Nella seconda storia, una giovane si accorge che l’amato pitone domestico (che la donna lascia circolare per casa) ha preso l’abitudine di dormire disteso sul letto, accanto a lei, anziché acciambellato come faceva prima. Preoccupata per la salute dell’animale, si rivolge a un veterinario, che le svela l’amara verità: il pitone si distende così per misurarle il corpo e capire se potrà inghiottirla per intero.

Le due leggende raccontano storie incentrate sul senso di noncuranza per le sorti del corpo di un caro defunto che avrebbe dovuto essere onorato, oppure sul sentimento - questo davvero antichissimo - di repulsione per i rettili e, più in generale, per le specie animali avvertite come troppo distanti da noi.

Queste storie, al contrario delle voci terribili che si accompagnano a rivoluzioni, guerre, epidemie e ai periodi in cui la storia sembra accelerare, scandiscono il tempo più lento della quotidianità (nei casi citati, la vacanza, la presenza dell’animale domestico), oppure evidenziano piccoli conflitti gestibili all’interno di un gruppo - quelli a cui è più attenta la microstoria.
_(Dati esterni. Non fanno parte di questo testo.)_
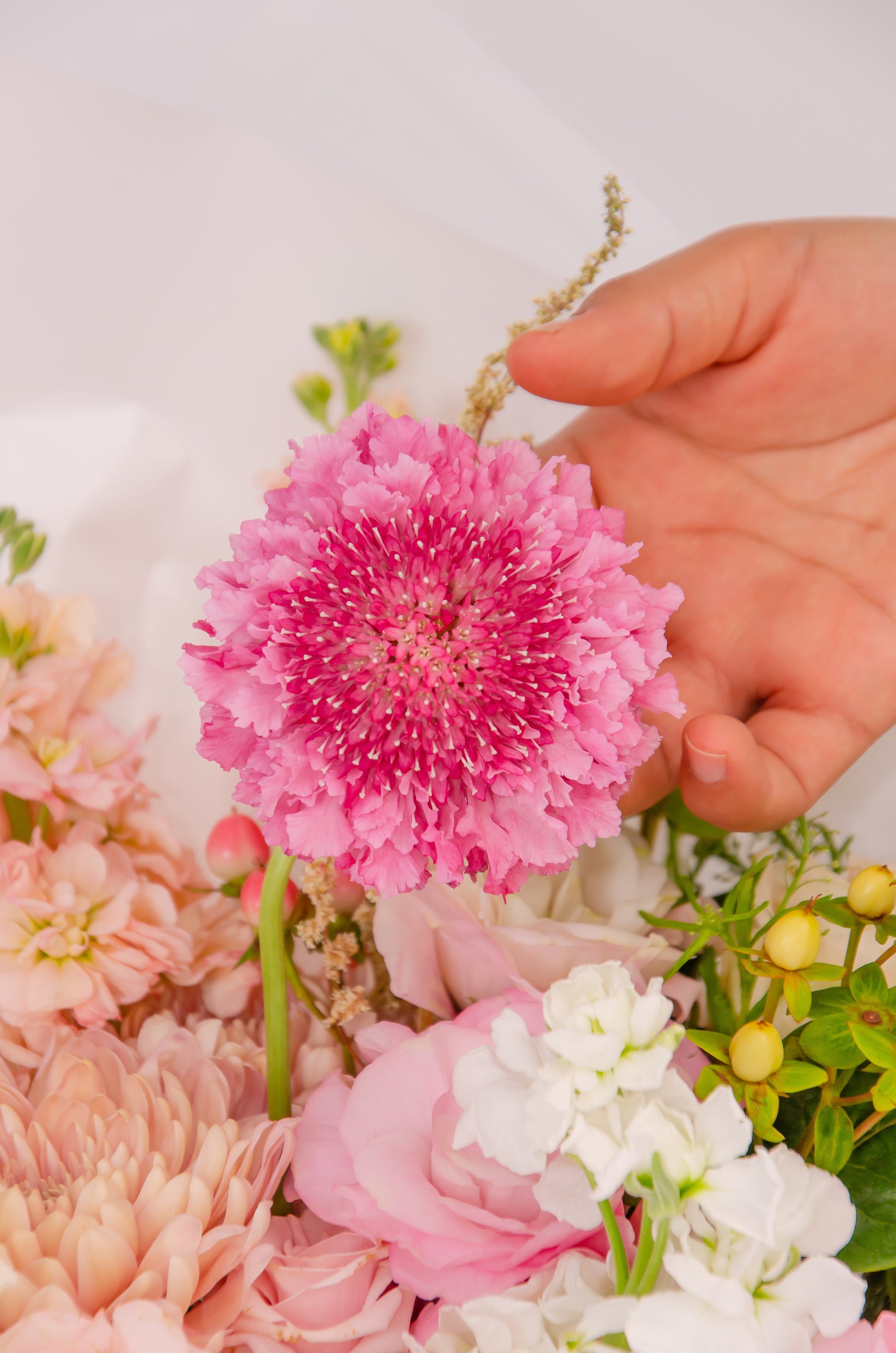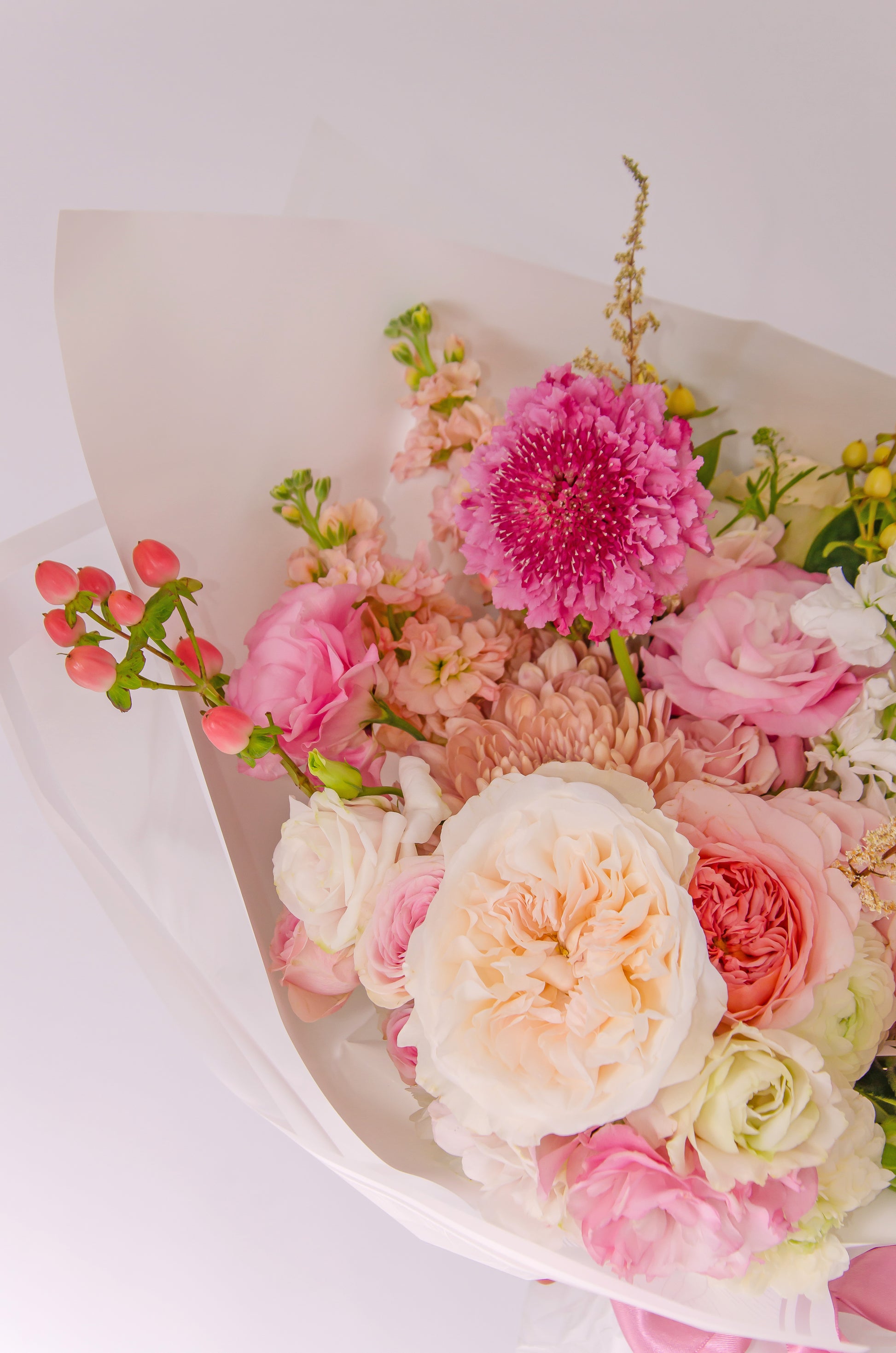 This arrangement features garden roses or peonies, scabiosa, hydrangea, spray roses, sweet pea, gloriosa lily, astilbe, and nerine, in a delicate palette of peach, cream, blush, and dusty rose.

In tutti i casi, studiare voci e leggende del passato secondo i tanti metodi che le scienze umane oggi hanno a disposizione non è solo un lavoro per cultori dei dettagli dei tempi antichi. Usare questa prospettiva ci serve per capire la circolazione, la struttura e la forza delle leggende dei nostri giorni, che spesso nascono su conflitti e tensioni gravi, s’intrecciano in molti casi al pensiero cospirazionista e viaggiano velocissime grazie al Web. Al contempo, questo studio è utile pure per mettere nella giusta prospettiva la percezione corrente secondo la quale la forza di ciò che è “falso” oggi sarebbe maggiore che in passato.

Per quanto diversi segnali sociali debbano preoccupare, il quadro complessivo è assai frastagliato: leggende piene di ostilità, voci ed esagerazioni sono state prodotte da qualsiasi società, da qualsiasi gruppo sociale o religioso e da individui di qualsiasi orientamento politico. Usare le categorie di un “noi” chiaro e luminoso (gli individui razionali, capaci di misurare i propri limiti e i propri pregiudizi) contrapposto a un “loro” capace di inventare di tutto non è soltanto controproducente per la causa della razionalità: è antiscientifico e contrario all’evidenza di cui disponiamo.

Bibliografia

  • Ramsay, C. 1991. Ideology of the Great Fear, John Hopkins University, Baltimora.
  • Lincos, S., Stilo, G. 2021. “La grande paura dei vaccini del 1917-18”, https://tinyurl.com/mry23wbw .
  • Braccini, T. 2021. Miti vaganti. Leggende metropolitane tra gli antichi e noi, Il Mulino, Bologna.
  • Young, S. 2022. The Nail in the Skull and Other Victorian Urban Legends, University Press of Mississippi.